PROBLEM TO WORK ON: The answer must consist solely of the lines below starting at the one containing "關(guān)于最近五年被證" and ending at the one containing "Se trata de", repeated exactly, with both ends included and all pictures omitted.

[Saved data entries]
>>>>>

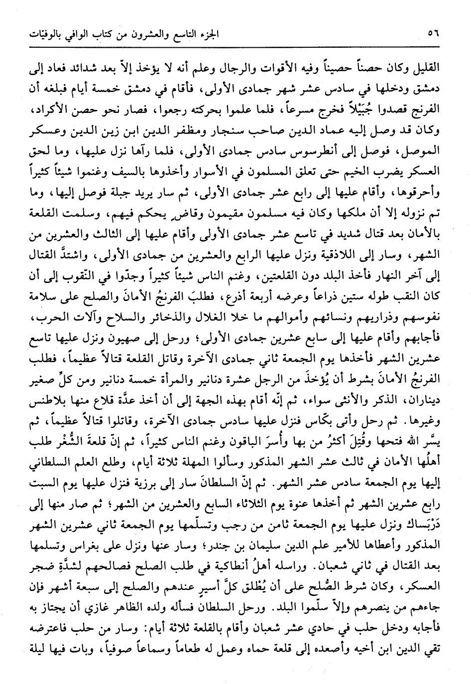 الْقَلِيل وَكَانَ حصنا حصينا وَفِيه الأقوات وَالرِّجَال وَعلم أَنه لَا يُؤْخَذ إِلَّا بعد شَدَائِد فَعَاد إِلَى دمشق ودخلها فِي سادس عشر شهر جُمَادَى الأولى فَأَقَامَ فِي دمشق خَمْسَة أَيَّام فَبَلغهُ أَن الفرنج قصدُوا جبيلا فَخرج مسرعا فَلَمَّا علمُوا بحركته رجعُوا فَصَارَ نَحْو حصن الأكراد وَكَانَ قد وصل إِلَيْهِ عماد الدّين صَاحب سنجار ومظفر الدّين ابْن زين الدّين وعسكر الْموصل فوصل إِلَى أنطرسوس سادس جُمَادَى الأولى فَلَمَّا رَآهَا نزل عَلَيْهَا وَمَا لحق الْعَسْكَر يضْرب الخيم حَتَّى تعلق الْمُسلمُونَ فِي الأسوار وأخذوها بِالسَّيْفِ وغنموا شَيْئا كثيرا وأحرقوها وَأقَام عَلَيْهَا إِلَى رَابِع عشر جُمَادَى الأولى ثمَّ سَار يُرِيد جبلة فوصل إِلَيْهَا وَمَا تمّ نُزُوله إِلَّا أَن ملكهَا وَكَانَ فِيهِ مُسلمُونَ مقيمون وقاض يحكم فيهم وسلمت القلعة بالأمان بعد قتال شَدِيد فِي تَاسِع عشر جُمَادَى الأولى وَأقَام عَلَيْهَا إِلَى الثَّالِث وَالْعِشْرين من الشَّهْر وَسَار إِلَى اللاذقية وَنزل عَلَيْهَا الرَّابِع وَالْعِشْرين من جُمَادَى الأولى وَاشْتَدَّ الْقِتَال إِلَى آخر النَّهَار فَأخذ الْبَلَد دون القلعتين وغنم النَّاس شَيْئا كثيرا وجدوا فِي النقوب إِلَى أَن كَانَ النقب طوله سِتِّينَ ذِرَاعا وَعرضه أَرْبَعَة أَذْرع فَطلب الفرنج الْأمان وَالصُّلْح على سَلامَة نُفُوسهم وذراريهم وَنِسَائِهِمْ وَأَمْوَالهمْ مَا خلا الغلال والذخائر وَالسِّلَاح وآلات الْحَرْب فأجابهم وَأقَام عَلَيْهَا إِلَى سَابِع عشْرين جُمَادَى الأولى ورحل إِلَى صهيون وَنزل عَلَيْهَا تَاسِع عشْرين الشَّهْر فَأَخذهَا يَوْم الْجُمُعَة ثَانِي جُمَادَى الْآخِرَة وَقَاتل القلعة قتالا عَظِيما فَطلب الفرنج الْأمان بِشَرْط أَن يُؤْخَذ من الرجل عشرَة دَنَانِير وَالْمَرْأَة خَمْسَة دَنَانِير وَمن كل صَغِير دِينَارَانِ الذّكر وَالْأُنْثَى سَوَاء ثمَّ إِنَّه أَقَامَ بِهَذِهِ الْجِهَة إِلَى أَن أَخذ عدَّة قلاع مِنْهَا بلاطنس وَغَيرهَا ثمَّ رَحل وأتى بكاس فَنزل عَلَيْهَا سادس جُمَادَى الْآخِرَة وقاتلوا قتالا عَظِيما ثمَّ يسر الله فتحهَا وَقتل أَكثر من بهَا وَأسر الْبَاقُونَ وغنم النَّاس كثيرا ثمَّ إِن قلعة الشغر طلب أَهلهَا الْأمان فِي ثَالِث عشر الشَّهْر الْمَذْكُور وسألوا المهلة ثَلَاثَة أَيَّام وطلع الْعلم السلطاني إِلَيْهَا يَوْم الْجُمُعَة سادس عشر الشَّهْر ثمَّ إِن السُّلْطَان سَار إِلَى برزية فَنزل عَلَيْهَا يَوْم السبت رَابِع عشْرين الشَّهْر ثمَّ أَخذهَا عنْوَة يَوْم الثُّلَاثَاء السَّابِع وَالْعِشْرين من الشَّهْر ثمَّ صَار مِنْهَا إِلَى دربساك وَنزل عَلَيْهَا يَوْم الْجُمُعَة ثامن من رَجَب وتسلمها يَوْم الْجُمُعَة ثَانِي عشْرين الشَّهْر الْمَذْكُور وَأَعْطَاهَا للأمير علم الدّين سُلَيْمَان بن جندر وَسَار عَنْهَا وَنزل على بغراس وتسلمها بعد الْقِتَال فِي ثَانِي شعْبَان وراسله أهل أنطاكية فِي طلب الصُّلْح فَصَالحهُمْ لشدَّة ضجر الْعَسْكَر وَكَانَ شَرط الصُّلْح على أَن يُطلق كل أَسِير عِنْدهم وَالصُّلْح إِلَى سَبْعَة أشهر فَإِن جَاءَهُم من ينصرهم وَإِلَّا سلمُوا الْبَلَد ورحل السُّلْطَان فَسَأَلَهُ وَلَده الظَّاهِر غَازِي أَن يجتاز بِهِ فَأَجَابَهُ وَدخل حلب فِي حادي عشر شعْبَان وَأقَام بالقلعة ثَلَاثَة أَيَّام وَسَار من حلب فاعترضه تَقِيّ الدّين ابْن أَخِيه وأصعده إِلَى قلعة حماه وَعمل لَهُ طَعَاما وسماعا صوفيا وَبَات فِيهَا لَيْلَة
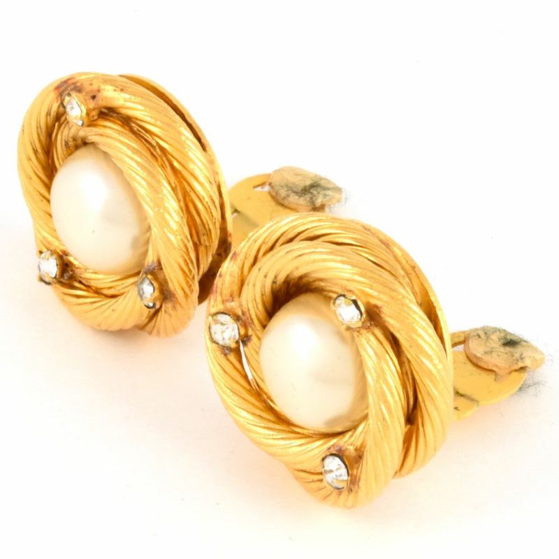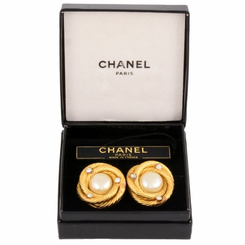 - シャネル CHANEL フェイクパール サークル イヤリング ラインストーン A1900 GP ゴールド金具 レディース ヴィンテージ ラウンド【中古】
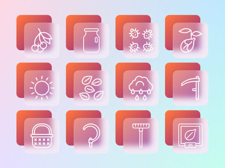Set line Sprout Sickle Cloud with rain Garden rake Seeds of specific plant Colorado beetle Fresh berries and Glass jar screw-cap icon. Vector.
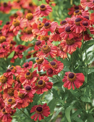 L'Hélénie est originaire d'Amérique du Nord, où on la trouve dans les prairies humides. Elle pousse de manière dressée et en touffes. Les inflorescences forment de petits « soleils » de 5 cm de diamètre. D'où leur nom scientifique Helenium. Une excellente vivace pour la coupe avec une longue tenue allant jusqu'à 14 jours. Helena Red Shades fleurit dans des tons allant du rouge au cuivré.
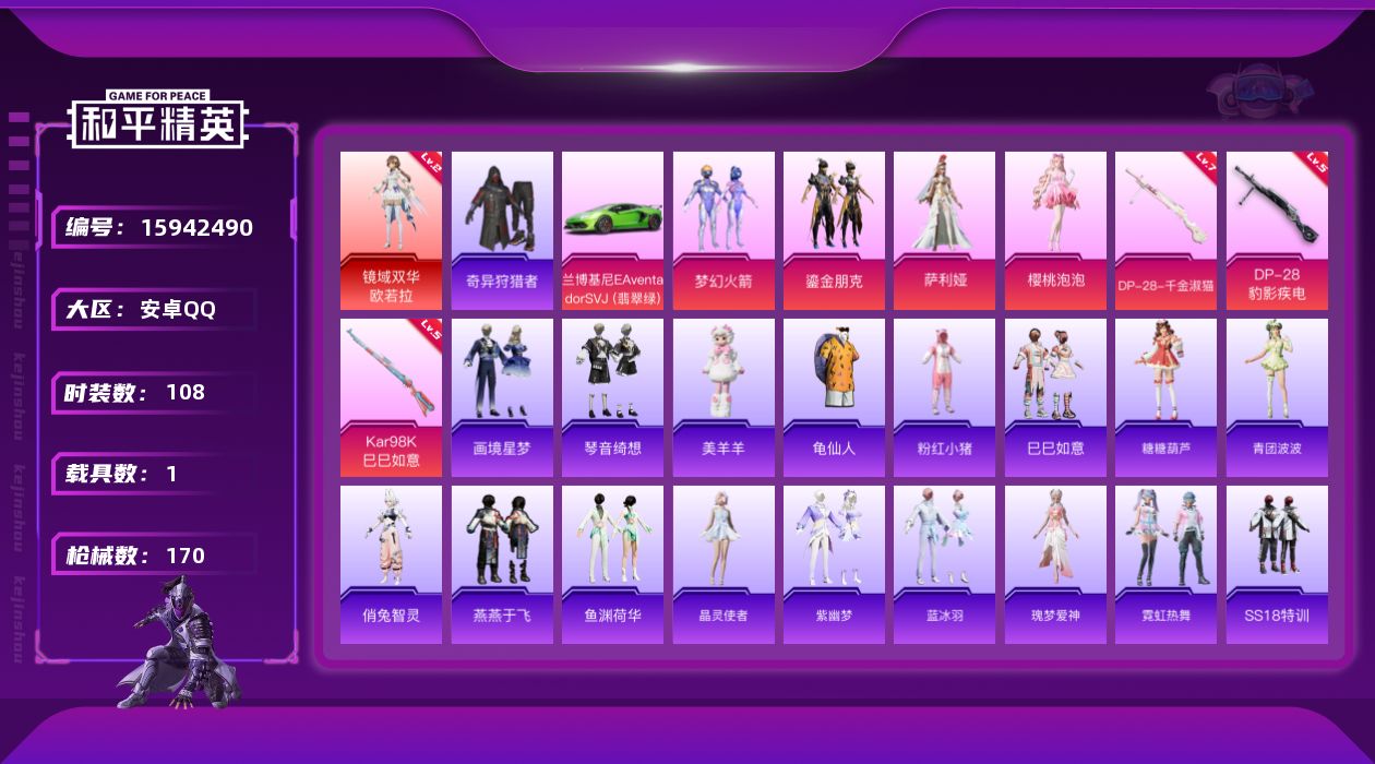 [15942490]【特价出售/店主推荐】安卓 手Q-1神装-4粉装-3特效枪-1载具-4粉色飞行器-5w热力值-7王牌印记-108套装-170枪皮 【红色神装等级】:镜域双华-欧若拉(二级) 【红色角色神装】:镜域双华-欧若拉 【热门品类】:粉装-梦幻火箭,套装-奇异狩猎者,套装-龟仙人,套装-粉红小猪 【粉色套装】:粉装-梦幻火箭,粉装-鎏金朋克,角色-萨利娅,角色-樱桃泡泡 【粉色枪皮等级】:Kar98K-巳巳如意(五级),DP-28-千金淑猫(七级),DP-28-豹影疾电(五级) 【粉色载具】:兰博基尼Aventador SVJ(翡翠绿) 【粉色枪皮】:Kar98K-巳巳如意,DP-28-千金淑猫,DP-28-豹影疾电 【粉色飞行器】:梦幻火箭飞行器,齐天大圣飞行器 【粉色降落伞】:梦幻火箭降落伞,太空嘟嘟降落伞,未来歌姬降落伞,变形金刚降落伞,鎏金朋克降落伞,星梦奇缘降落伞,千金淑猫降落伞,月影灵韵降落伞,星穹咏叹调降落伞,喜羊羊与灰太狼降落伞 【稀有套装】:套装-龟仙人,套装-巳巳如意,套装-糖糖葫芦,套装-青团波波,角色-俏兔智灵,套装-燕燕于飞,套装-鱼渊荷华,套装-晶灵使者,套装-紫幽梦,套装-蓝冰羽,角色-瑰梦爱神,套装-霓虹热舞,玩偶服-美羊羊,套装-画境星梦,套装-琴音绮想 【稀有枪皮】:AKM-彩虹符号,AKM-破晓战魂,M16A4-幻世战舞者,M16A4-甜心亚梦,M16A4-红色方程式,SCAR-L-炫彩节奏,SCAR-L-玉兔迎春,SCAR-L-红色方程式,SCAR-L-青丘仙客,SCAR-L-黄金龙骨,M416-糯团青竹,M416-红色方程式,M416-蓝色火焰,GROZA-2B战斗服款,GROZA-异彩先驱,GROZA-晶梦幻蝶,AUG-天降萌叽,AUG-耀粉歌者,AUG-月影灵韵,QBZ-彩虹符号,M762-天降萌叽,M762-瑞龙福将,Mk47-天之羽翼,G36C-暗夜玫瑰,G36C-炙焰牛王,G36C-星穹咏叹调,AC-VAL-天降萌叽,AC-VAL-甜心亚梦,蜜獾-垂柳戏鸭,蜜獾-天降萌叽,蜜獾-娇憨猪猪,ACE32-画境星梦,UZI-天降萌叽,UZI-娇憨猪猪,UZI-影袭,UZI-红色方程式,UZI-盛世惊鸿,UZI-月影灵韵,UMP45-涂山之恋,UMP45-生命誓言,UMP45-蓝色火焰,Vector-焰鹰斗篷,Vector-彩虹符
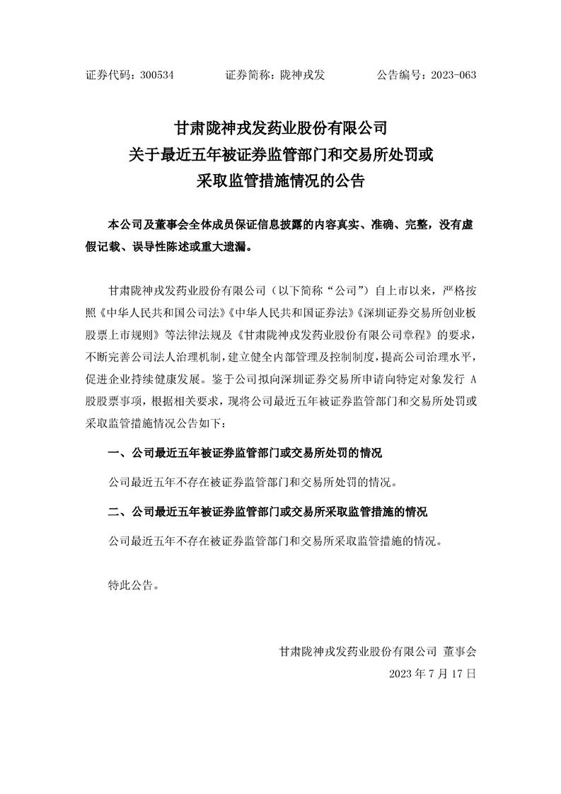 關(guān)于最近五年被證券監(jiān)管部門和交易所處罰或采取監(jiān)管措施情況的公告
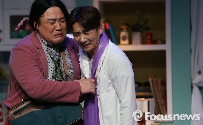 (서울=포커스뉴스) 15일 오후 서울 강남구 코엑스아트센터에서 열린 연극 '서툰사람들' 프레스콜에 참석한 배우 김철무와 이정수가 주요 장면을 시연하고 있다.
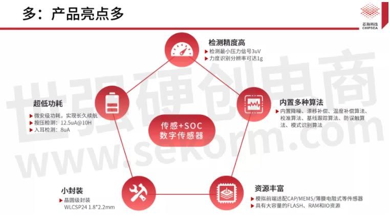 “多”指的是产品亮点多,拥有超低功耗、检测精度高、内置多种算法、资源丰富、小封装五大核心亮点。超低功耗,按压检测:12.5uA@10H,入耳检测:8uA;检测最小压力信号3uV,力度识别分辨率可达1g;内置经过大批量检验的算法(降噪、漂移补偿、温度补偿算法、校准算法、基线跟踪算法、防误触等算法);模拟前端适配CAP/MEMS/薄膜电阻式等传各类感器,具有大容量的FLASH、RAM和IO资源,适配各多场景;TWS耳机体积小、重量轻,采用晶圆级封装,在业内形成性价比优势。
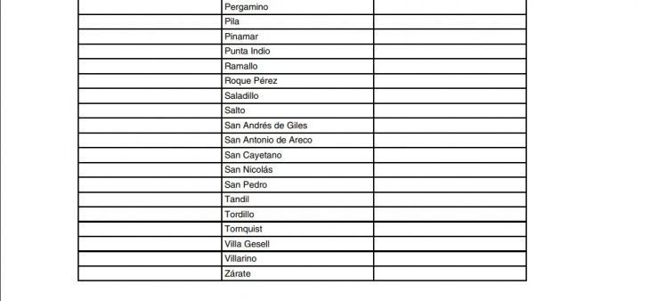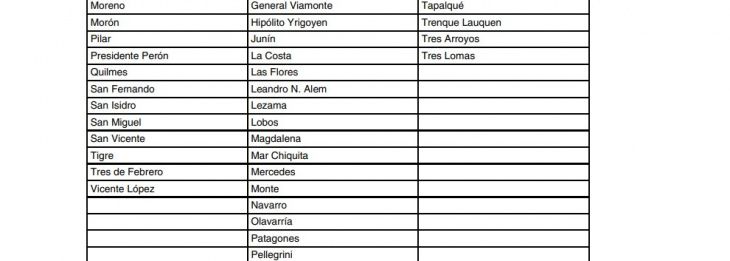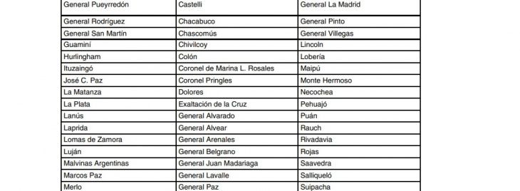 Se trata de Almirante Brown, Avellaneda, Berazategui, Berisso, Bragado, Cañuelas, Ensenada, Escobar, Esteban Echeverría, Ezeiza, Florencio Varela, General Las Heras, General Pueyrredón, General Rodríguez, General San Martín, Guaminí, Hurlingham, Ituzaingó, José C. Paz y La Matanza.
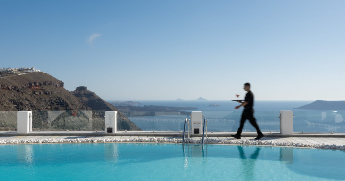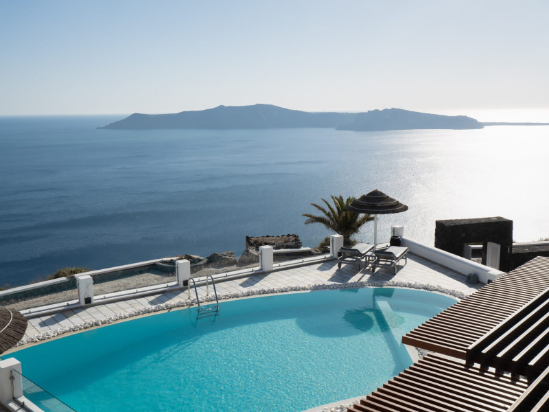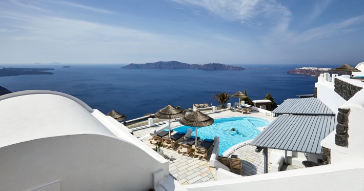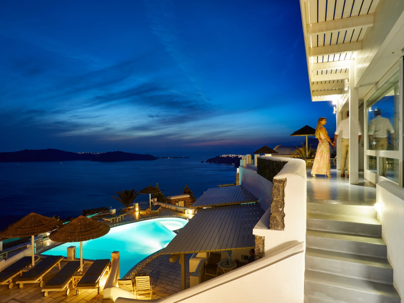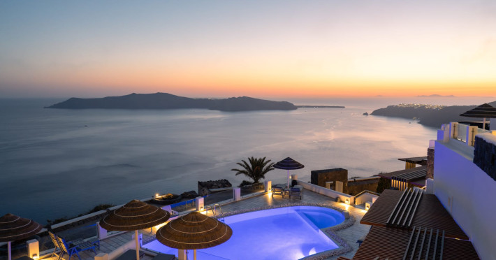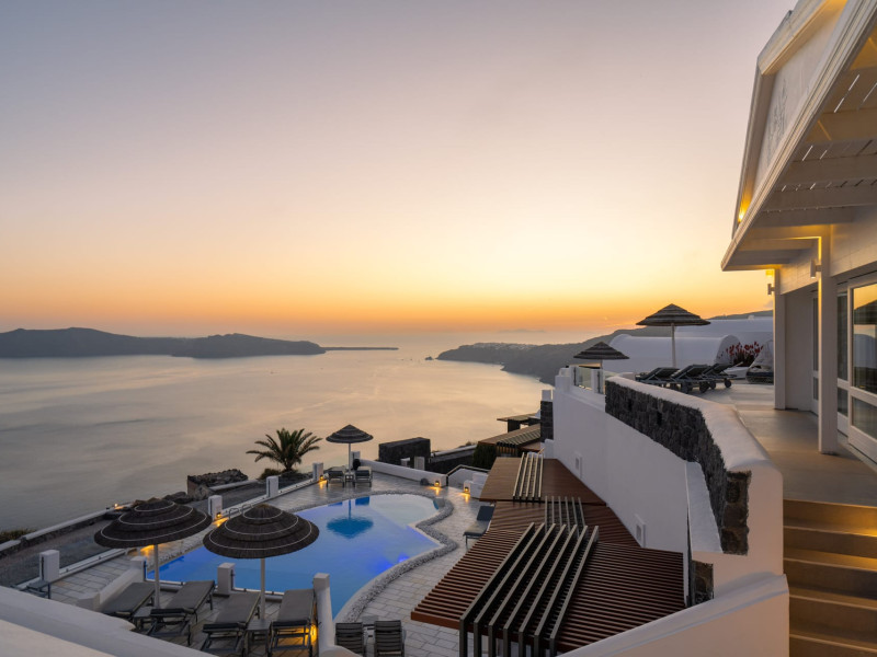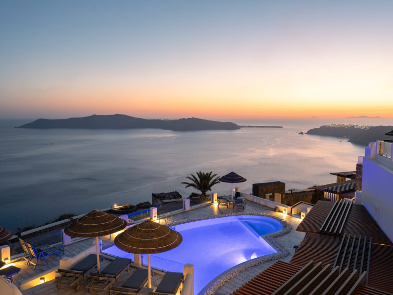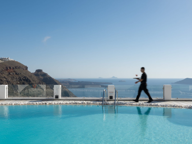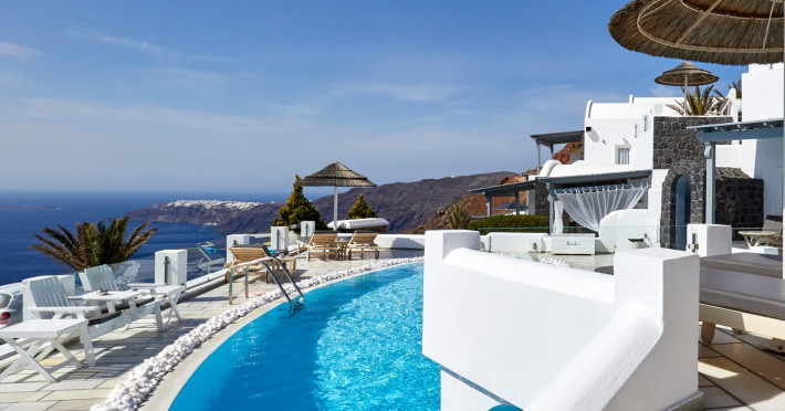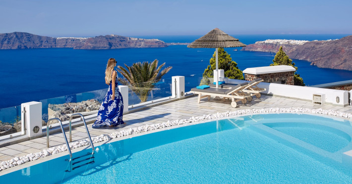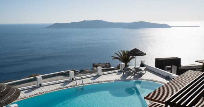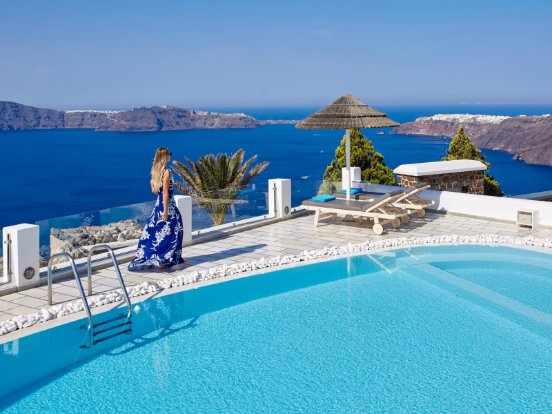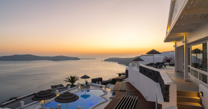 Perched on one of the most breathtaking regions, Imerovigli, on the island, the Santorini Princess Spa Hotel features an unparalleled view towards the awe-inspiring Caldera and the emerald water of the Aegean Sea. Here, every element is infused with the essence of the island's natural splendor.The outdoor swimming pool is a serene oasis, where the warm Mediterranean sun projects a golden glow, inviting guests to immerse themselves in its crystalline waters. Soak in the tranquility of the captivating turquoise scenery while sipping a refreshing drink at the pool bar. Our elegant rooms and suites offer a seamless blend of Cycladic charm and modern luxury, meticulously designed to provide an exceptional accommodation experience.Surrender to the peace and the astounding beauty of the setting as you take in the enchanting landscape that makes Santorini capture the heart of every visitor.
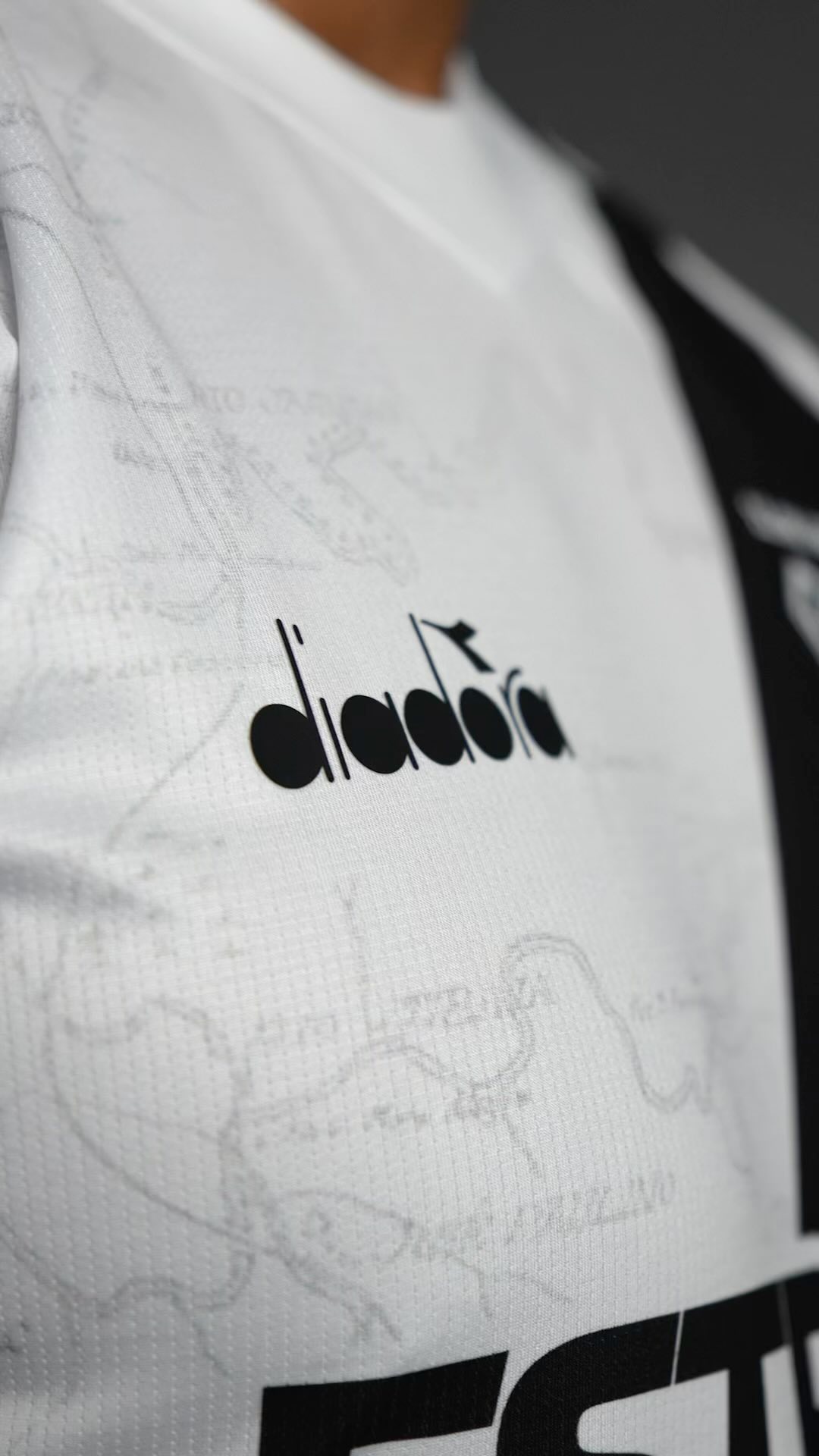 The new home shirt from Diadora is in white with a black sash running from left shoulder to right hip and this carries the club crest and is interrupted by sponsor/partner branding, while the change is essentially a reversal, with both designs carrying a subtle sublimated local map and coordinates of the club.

<<<<<

RESPONSE:
 關(guān)于最近五年被證券監(jiān)管部門和交易所處罰或采取監(jiān)管措施情況的公告
 (서울=포커스뉴스) 15일 오후 서울 강남구 코엑스아트센터에서 열린 연극 '서툰사람들' 프레스콜에 참석한 배우 김철무와 이정수가 주요 장면을 시연하고 있다.
 “多”指的是产品亮点多,拥有超低功耗、检测精度高、内置多种算法、资源丰富、小封装五大核心亮点。超低功耗,按压检测:12.5uA@10H,入耳检测:8uA;检测最小压力信号3uV,力度识别分辨率可达1g;内置经过大批量检验的算法(降噪、漂移补偿、温度补偿算法、校准算法、基线跟踪算法、防误触等算法);模拟前端适配CAP/MEMS/薄膜电阻式等传各类感器,具有大容量的FLASH、RAM和IO资源,适配各多场景;TWS耳机体积小、重量轻,采用晶圆级封装,在业内形成性价比优势。
 Se trata de Almirante Brown, Avellaneda, Berazategui, Berisso, Bragado, Cañuelas, Ensenada, Escobar, Esteban Echeverría, Ezeiza, Florencio Varela, General Las Heras, General Pueyrredón, General Rodríguez, General San Martín, Guaminí, Hurlingham, Ituzaingó, José C. Paz y La Matanza.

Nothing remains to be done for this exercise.